Peut-on jouer au golf lorsque l’on est insuffisant cardiaque?

Peut-on jouer au golf quand on est insuffisant cardiaque?
Peut-on jouer au golf quand on est insuffisant cardiaque?

Le golf est souvent mal évalué par ceux qui ne le pratiquent pas. Certains médecins l’autorisent sans précautions, d’autres, heureusement de plus en plus rares, le contre-indiquent comme toute activité physique. Pendant longtemps, le repos (parfois même au lit !) était la première mesure recommandée chez tous les insuffisants cardiaques.

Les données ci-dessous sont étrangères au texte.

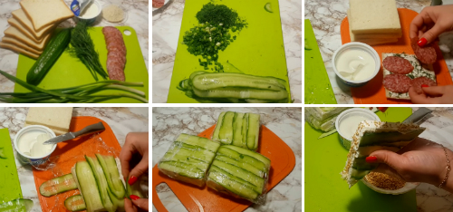 И так, все готово, приступаем к сборке закуски. Первый кусок хлеба намазываем сливочным сыром (тонким слоем), сверху присыпаем укропом и следующим слоем выкладываем колбасу. Откладываем заготовку в сторону. Со вторым кусочком хлеба проделываем то же самое, но уже присыпаем луком. Намазанной стороной (с луком) накрываем хлеб с колбасой, сверху вновь наносим тонкий слой сыра и покрываем огуречными пластинами. Накрываем пищевой пленкой, переворачиваем и с обратной стороны хлеб также промазываем тонким слоем сыра, после чего снова выкладываем огурцы. Лишнее обрезаем и готовый бутерброд полностью, со всех сторон оборачиваем пленкой.
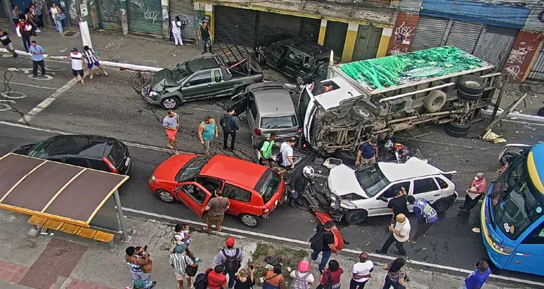 Ao telejornal Bom Dia Rio, da TV Globo, testemunhas relataram que um caminhão que transportava frangos congelados perdeu o controle e arrastou carros, motos e também um ônibus por alguns metros. Alguns automóveis acabaram subindo a calçada e invadiram lojas, que ainda não estavam abertas.

Nous allons voir que, au contraire, l’activité physique est devenue
un véritable traitement de l’insuffisant cardiaque ! Quand elle est bien réalisée, elle est des plus profitables sur le plan physique et psychologique ! Comme le déclare le Club des Cardiologues du Sport : « le golf, absolument mais pas n’importe comment ».

Par les docteurs Laurie Fanon, Simon Lannou et Dany Michel Marcadet Cardiologues du sport Centre Cœur et Santé Bernoulli, Commission médicale de la FFG

Qu’est-ce que l’insuffisance cardiaque ?

L’insuffisance cardiaque est un état pathologique dans lequel le muscle cardiaque n’est plus capable d’assurer son rôle de pompe, c’est-à-dire de fournir un débit sanguin suffisant pour satisfaire les besoins de l’organisme.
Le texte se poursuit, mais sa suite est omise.